### WORK INSTRUCTIONS
Please retype the listing below exactly, from its opening line through the line where "Женская сорочка выполнена" appears.

### RECORDED DATA
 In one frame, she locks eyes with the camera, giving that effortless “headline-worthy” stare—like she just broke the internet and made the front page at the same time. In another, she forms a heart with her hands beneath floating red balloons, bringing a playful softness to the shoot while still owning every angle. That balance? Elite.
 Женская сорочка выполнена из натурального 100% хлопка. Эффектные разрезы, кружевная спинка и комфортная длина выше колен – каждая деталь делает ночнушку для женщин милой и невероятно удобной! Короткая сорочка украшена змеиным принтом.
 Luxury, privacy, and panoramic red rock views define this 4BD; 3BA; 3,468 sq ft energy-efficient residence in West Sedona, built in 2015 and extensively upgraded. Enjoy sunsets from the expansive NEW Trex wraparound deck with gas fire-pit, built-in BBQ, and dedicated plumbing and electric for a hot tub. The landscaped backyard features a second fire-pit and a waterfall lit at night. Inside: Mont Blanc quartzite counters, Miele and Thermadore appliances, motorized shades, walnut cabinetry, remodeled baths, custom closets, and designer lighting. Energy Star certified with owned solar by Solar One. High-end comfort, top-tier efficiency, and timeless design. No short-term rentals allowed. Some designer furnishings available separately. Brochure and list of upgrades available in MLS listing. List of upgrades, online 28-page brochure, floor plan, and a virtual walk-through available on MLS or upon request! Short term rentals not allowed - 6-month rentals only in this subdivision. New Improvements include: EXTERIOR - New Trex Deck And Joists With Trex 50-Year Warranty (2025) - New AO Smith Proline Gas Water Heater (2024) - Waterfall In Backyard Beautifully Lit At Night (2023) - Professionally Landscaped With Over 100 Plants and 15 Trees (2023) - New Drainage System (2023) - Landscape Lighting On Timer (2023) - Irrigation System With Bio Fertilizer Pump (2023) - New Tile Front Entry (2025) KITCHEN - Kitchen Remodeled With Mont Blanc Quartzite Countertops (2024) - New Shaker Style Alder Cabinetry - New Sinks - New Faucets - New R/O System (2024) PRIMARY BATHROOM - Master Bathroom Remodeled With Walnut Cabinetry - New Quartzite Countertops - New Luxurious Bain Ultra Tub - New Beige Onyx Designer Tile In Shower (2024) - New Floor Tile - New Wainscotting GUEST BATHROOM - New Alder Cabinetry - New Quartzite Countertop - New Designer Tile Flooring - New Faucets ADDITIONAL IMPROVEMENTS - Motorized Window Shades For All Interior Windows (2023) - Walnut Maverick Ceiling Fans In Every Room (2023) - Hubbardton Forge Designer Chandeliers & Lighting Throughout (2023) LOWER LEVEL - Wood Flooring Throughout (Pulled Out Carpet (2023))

### EXERCISE RESULT
 In one frame, she locks eyes with the camera, giving that effortless “headline-worthy” stare—like she just broke the internet and made the front page at the same time. In another, she forms a heart with her hands beneath floating red balloons, bringing a playful softness to the shoot while still owning every angle. That balance? Elite.
 Женская сорочка выполнена из натурального 100% хлопка. Эффектные разрезы, кружевная спинка и комфортная длина выше колен – каждая деталь делает ночнушку для женщин милой и невероятно удобной! Короткая сорочка украшена змеиным принтом.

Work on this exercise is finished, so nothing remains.